* **RECORDS PROVIDED**
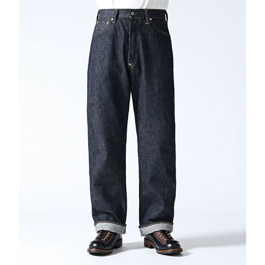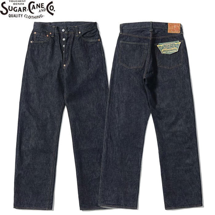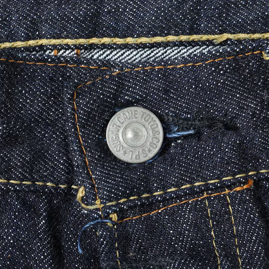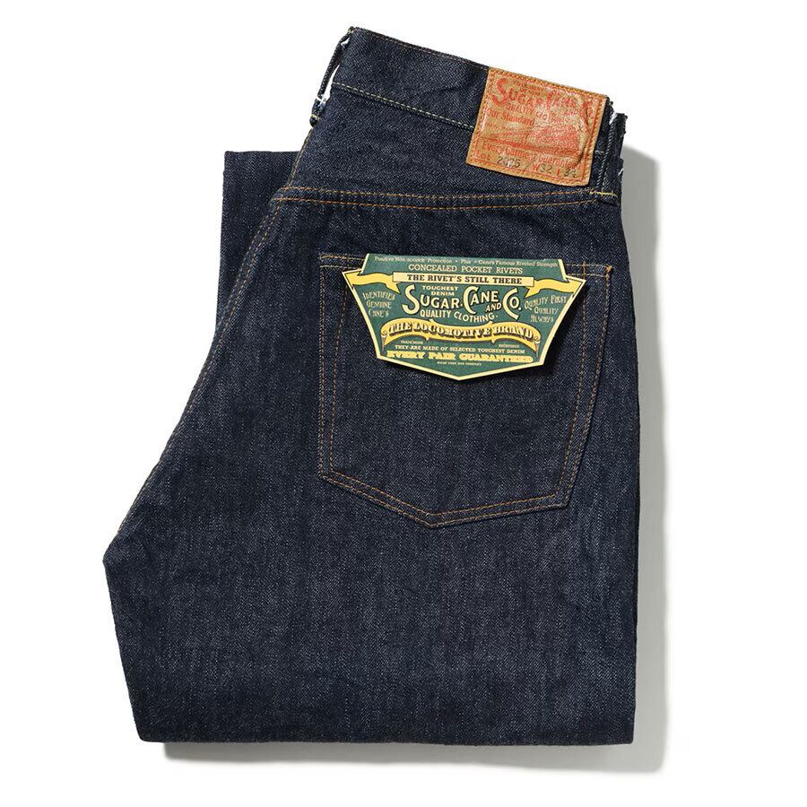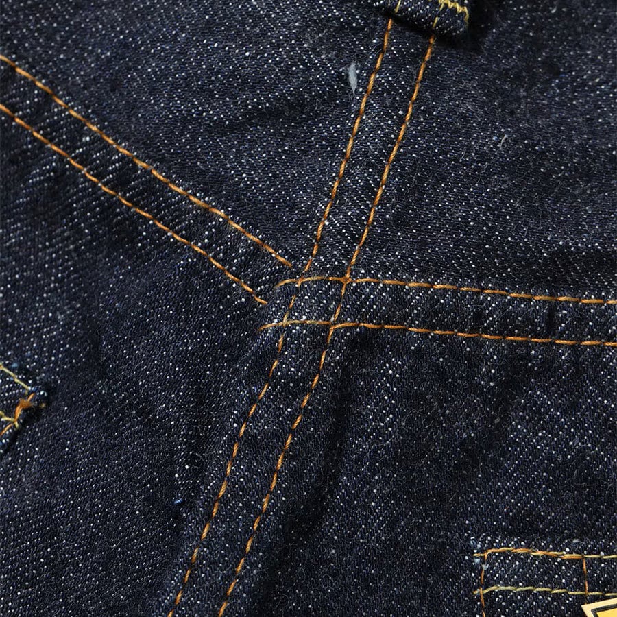 1936年モデルのウエストオーバーオールズをベースに、腿から裾までをワークパンツのように太めにアレンジした「2025年モデル」。サスペンダー用ボタンやシンチバックがはシュガーケーンオリジナルの仕様として排除している。しかし股リベットや後中心の巻き縫いの方向(右高)は戦前モデルの仕様を踏襲。
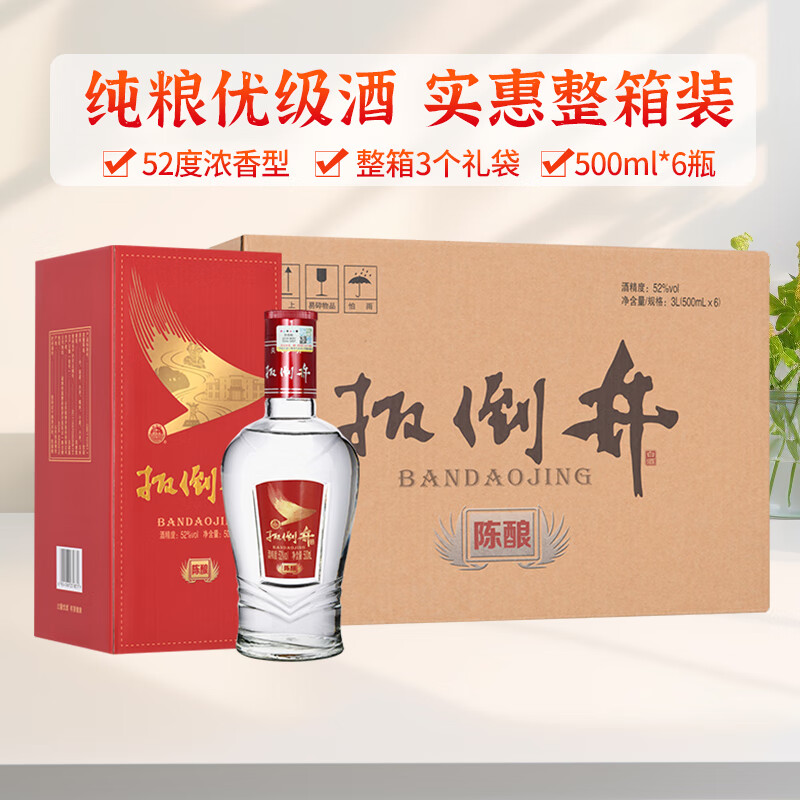 扳倒井陳釀 濃香型白酒52度500ml*6瓶整箱純糧釀造送禮品袋 自飲送禮
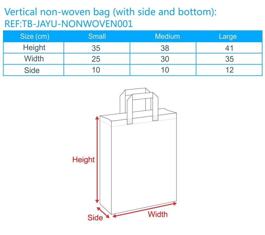 Vertical non-woven bag (with side and bottom):REF:TB-JAYU-NONWOVEN001
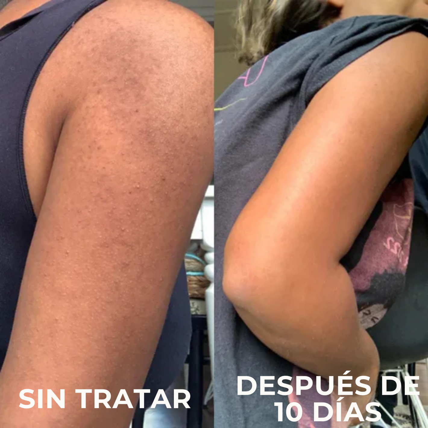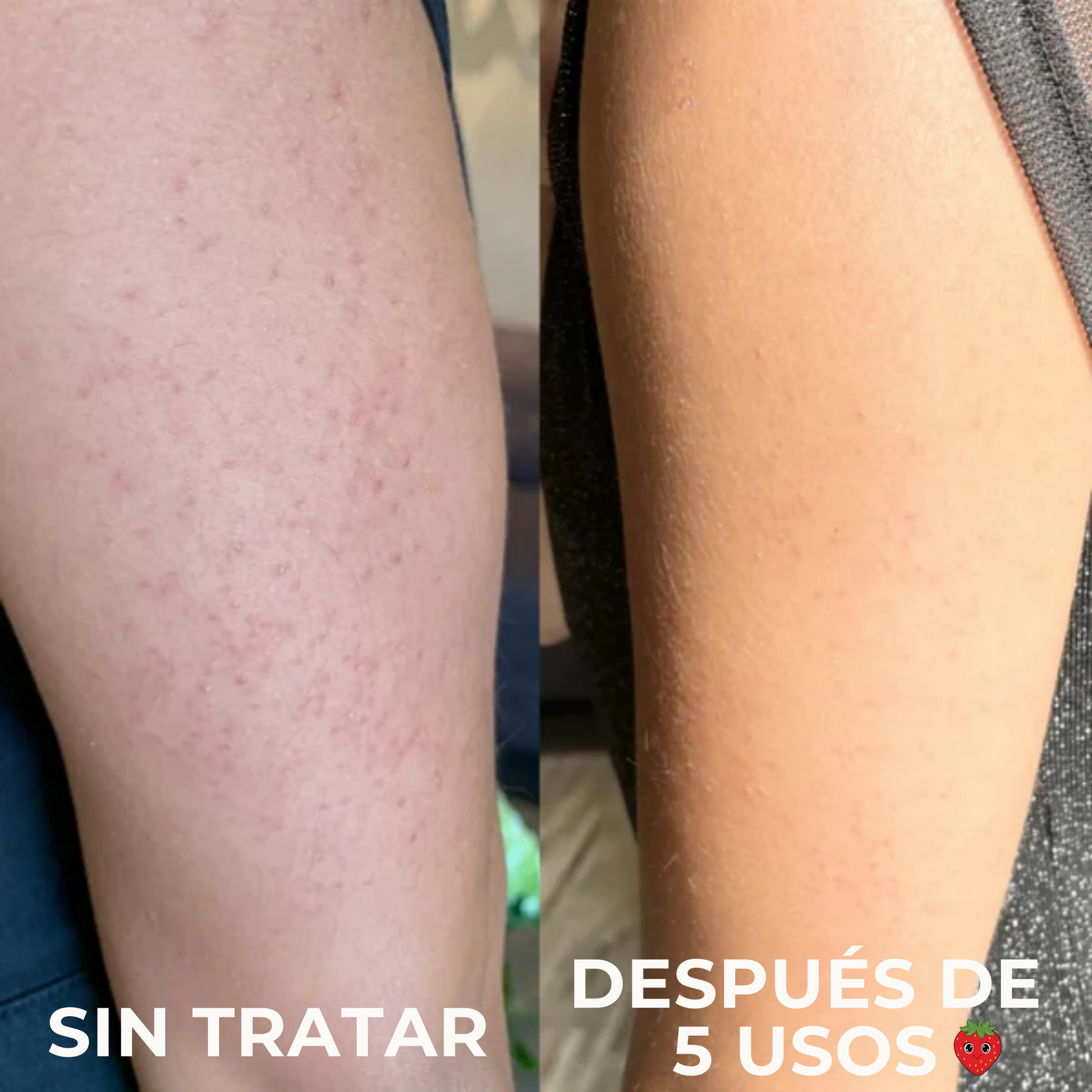 La mayoría de los usuarios notan una mejora significativa en la textura de la piel entre 1 y 4 semanas de uso constante, con una reducción considerable tanto de las protuberancias como del enrojecimiento a las 8 semanas. Los resultados individuales pueden variar según la gravedad de la queratosis pilaris, la constancia en la aplicación y las características de la piel de cada persona.
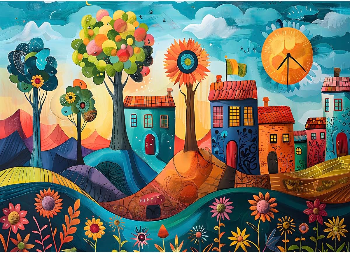 HUADADA 1000-Piece Jigsaw Puzzle for Adults – Colourful Village Scene
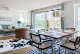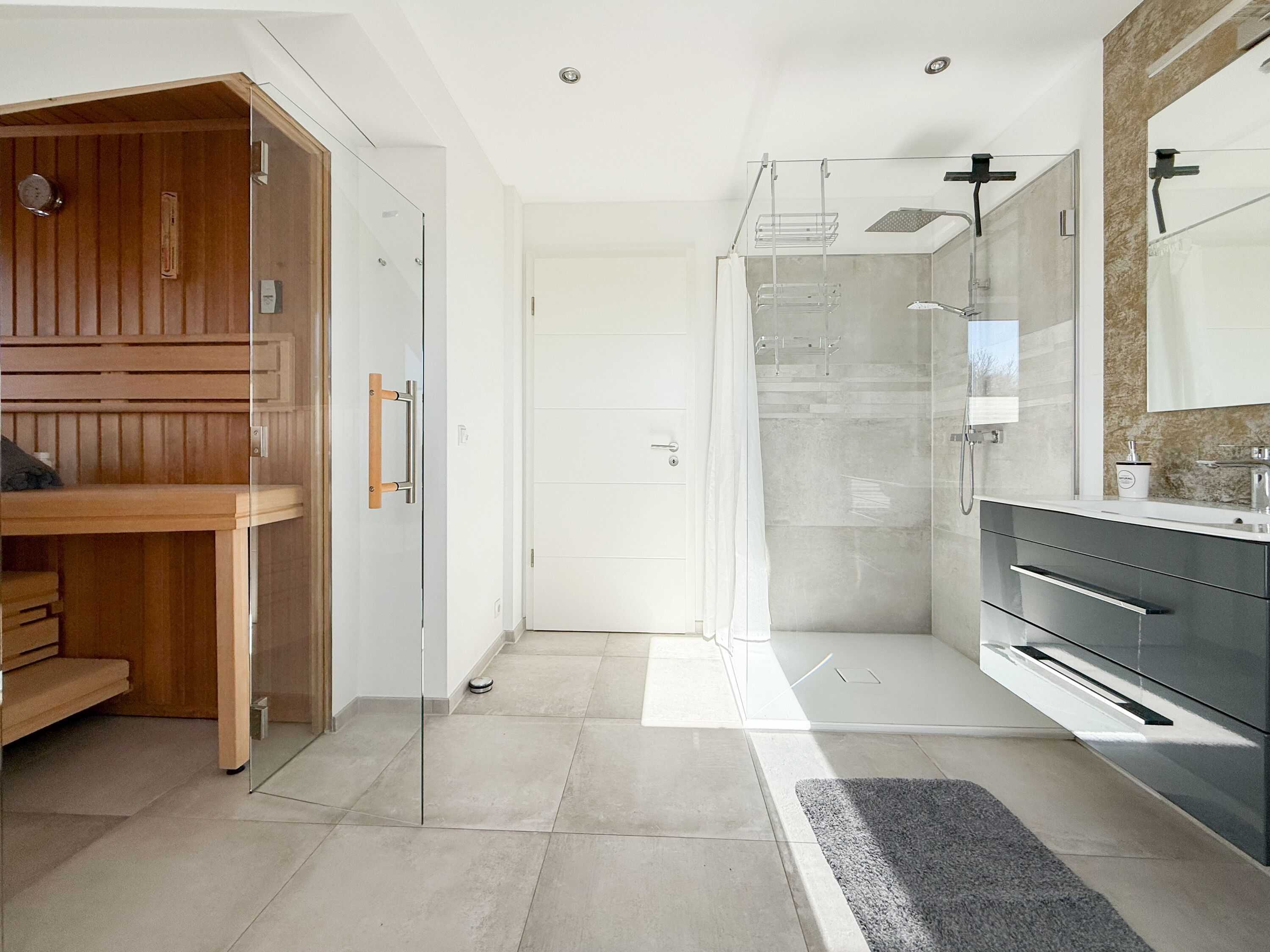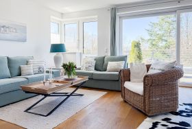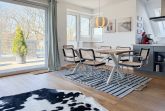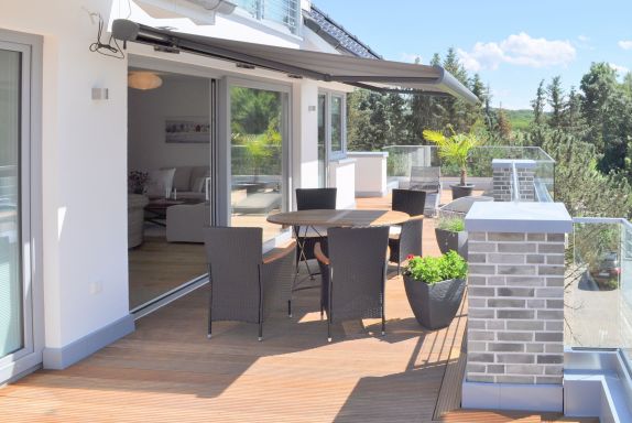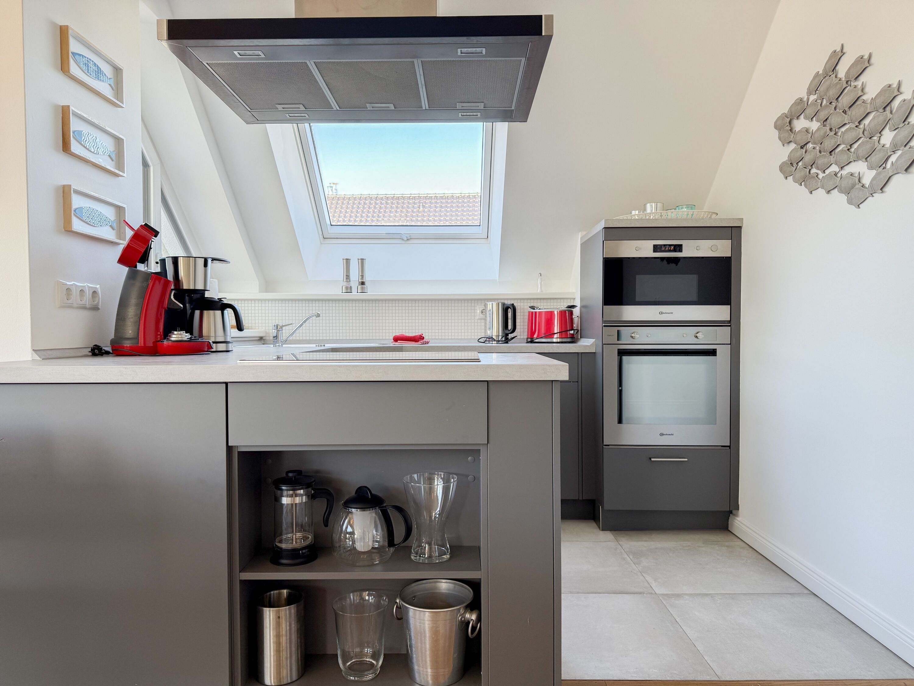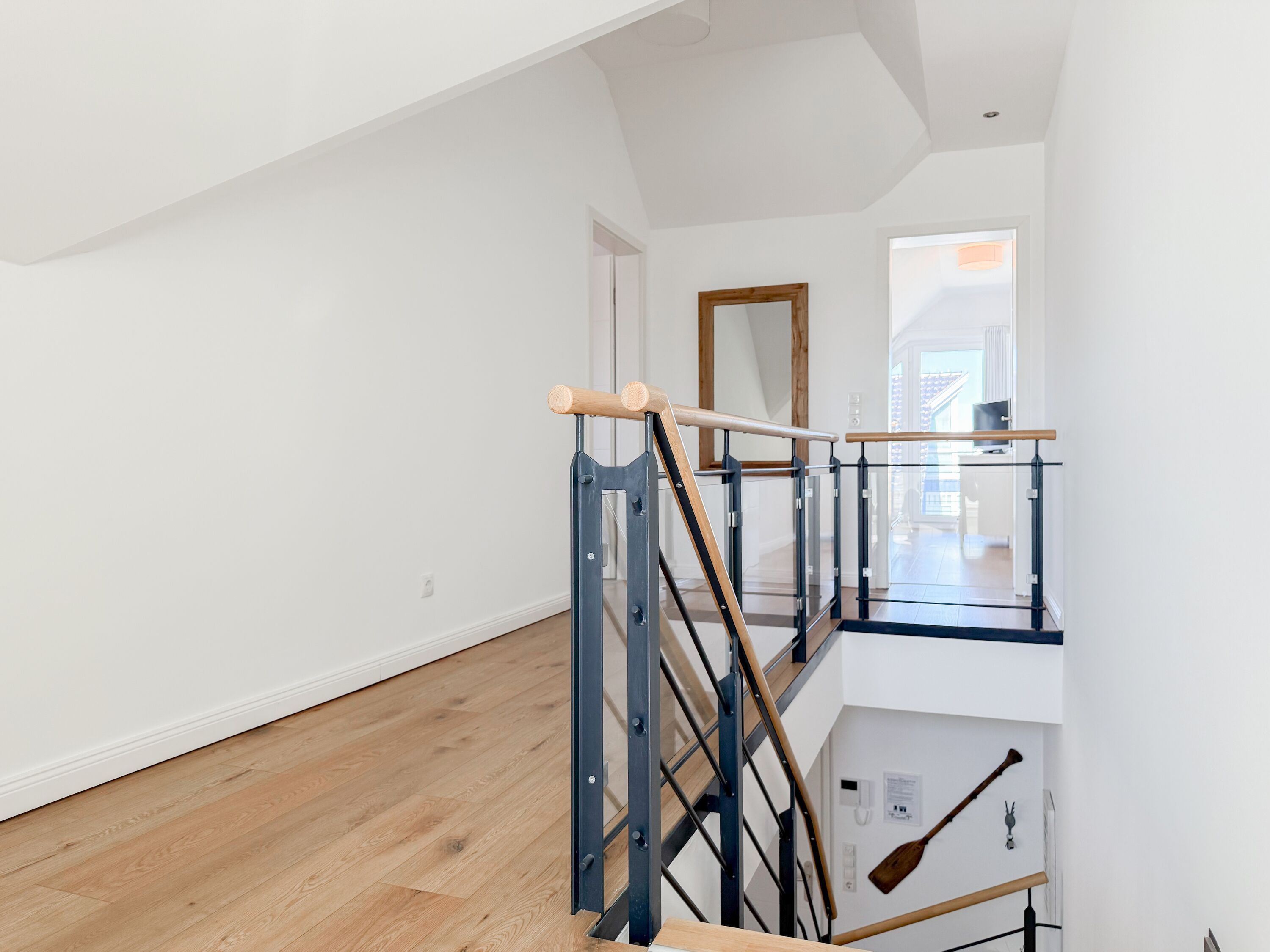 Das Penthouse ist hochwertig eingerichtet und bestens ausgestattet. Große, bodentiefe Fensterflächen durchfluten die Räumlichkeiten mit Tageslicht und sorgen für ein angenehmes Wohlfühlambiente – ideal für einen entspannten Ostseeurlaub. Ein besonderes Highlight ist die großzügige, über 50 m² große Dachterrasse in Südwestausrichtung. Hier lassen sich die frische Meeresluft und den Hafenblick genießen – ob auf den Sonnenliegen, an den Gartenmöbeln oder im Schatten der elektrischen Markise. Der offene Wohn- und Essbereich bietet viel Platz für gesellige Stunden. Ein Kaminofen (Holz nicht inklusive) sorgt für eine gemütliche Atmosphäre, und die moderne Einbauküche mit Kochinsel ist mit allen wichtigen Geräten ausgestattet – perfekt für alle, die gerne gemeinsam kochen. Auf der unteren Wohnebene befindet sich eines der beiden stilvollen Bäder mit Dusche und Waschtisch sowie eine Sauna mit Blick ins Grüne. Die obere Ebene beherbergt zwei separate Schlafzimmer mit Doppelbetten (180x200 und 140x200 plus Schlafsessel), Verdunkelungsvorhängen und TV. Das kleine Schlafzimmer punktet mit einem tollen Blick auf den Hafen. Ein weiteres Badezimmer mit Badewanne rundet den Komfort ab. Das Penthouse bietet auf über 100 m² einen herrlichen Rückzugsort für 2-4 Personen mit der ganz besonderen Atmosphäre des Hafens.

* **AIM OF THE EXERCISE**
When pictures appear in the records above, leave them out and reproduce exactly each line from the first through the line containing "Vertical non-woven bag", both included.

* **PROBLEM SOLUTION**
 1936年モデルのウエストオーバーオールズをベースに、腿から裾までをワークパンツのように太めにアレンジした「2025年モデル」。サスペンダー用ボタンやシンチバックがはシュガーケーンオリジナルの仕様として排除している。しかし股リベットや後中心の巻き縫いの方向(右高)は戦前モデルの仕様を踏襲。
 扳倒井陳釀 濃香型白酒52度500ml*6瓶整箱純糧釀造送禮品袋 自飲送禮
 Vertical non-woven bag (with side and bottom):REF:TB-JAYU-NONWOVEN001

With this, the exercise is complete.